# F1 vs F2 for allergic owner. Does it matter?



## AccidentalCheerMom (Mar 11, 2015)

Hi everyone! I'm new to this forum (and the to the world of cockapoos) and have A LOT of questions!

When I was a girl a had pretty bad allergic reactions to dogs and other animals. Fortunately I haven't had an allergic reaction to any dog in may years. I've read conflicting information on the benefit of getting an F1 over an F2 (I've read the reverse also).
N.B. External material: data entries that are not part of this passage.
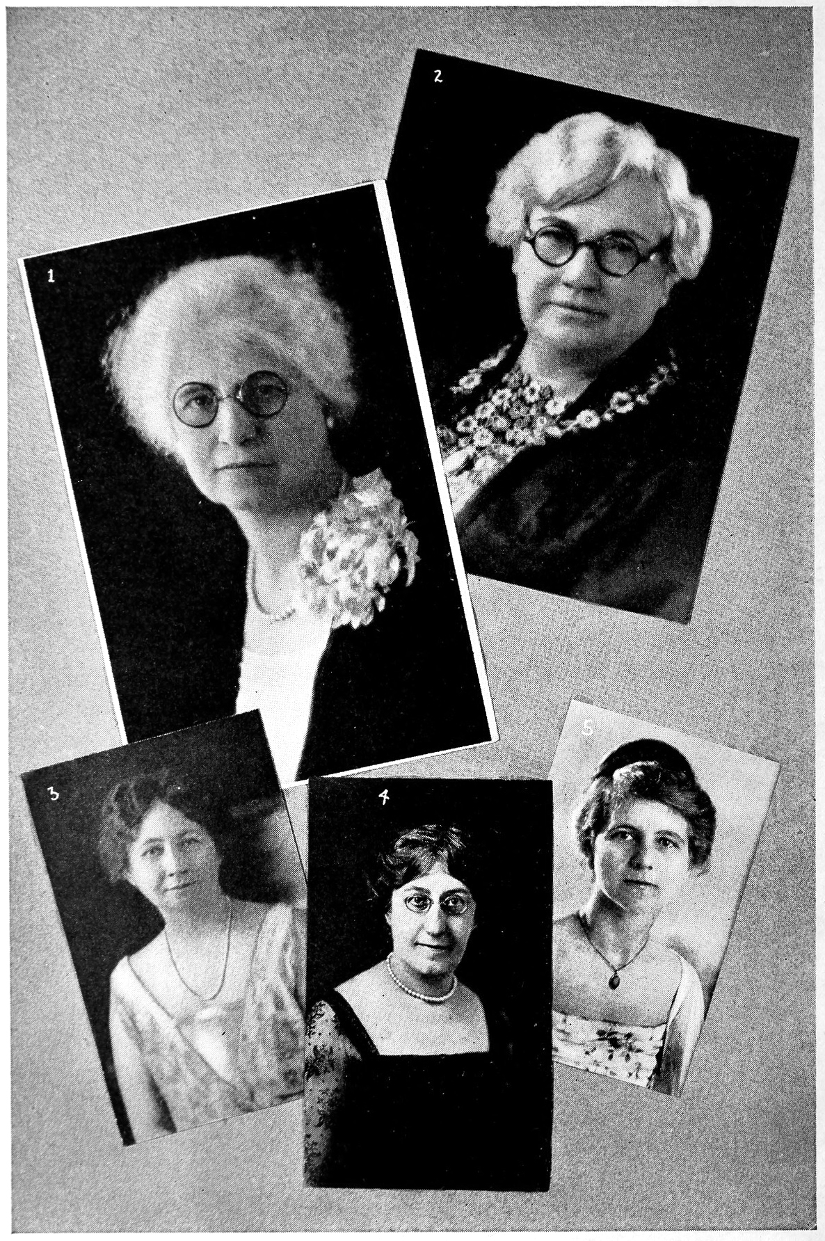 Women of the West; a series of biographical sketches of living eminent women in the eleven western states of the United States of America by Binheim, Max; Elvin, Charles A Publication date 1928 Topics Women Publisher Los Angeles, Calif., Publishers Press Collection uconn_libraries; americana Digitizing sponsor LYRASIS Members and Sloan Foundation Contributor University of Connecticut Libraries Language English 223 p. bports. c24 cm. Bookplateleaf 0003 Call number F595 .B59 Camera Canon EOS 5D Mark II Identifier womenofwestserie00binh Identifier-ark ark:/13960/t22c0sd8h Lccn 28021005 Ocr ABBYY FineReader 8.0 Page-progression lr Pages 284 Possible copyright status Copyright either not claimed or not renewed. Item is in the public domain. Ppi 500 Scandate 20130807152456 Scanner Scanningcenter boston Full catalog record MARCXML
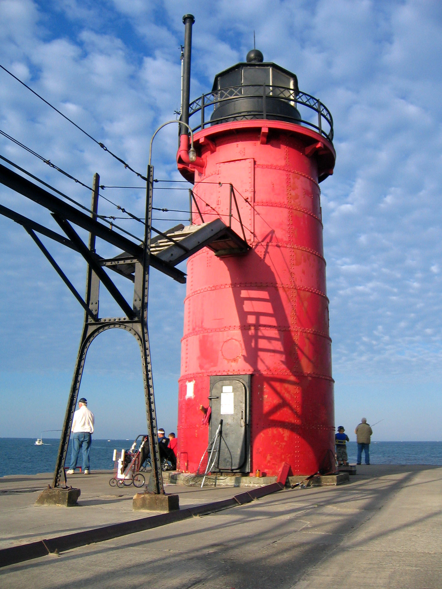 South Haven Light is a lighthouse which was built in 1872 and is located in Michigan. It is still in operation today. Author: D. R. J. Stiennon
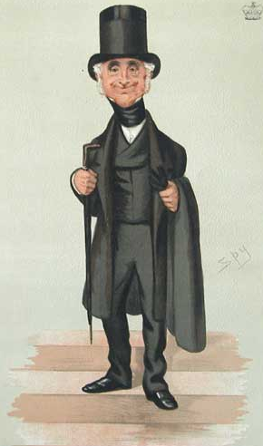 Caricature of Thomas Fremantle, 1st Baron Cottesloe. Caption reads "Customs".

What would your suggestion be? I've never owned a dog and am a little overwhelmed (but still excited)! Any information and advice you can offer will be greatly appreciated!!

Thank you!


----------



## fairlie (Sep 7, 2013)

Zero advice from here about allergies and F whatevers. I just wanted to say welcome and to fasten your seatbelt because you have a whole lot of fun ahead of you. They are fabulous dogs.


----------



## wellerfeller (Jul 12, 2011)

Hi in general F1s have the more predictable low shedding coat BUT there are no hard and fast rules. My own dog is low shedding however his litter brother sheds a lot!
You may be lucky and not react to a cockapoo but this allergy may not appear until the pup gets its adult coat at about 8/9 months. Are you only reactive to fur or could it be saliva, dander etc?
I would always say to err on the side of caution as rehoming a puppy after a while because you cannot live with your reactions is unfair on everyone involved. If it is just fur you react to then perhaps choose a non shedding breed as this is the only way you will know for sure that any pup you get will not moult.


----------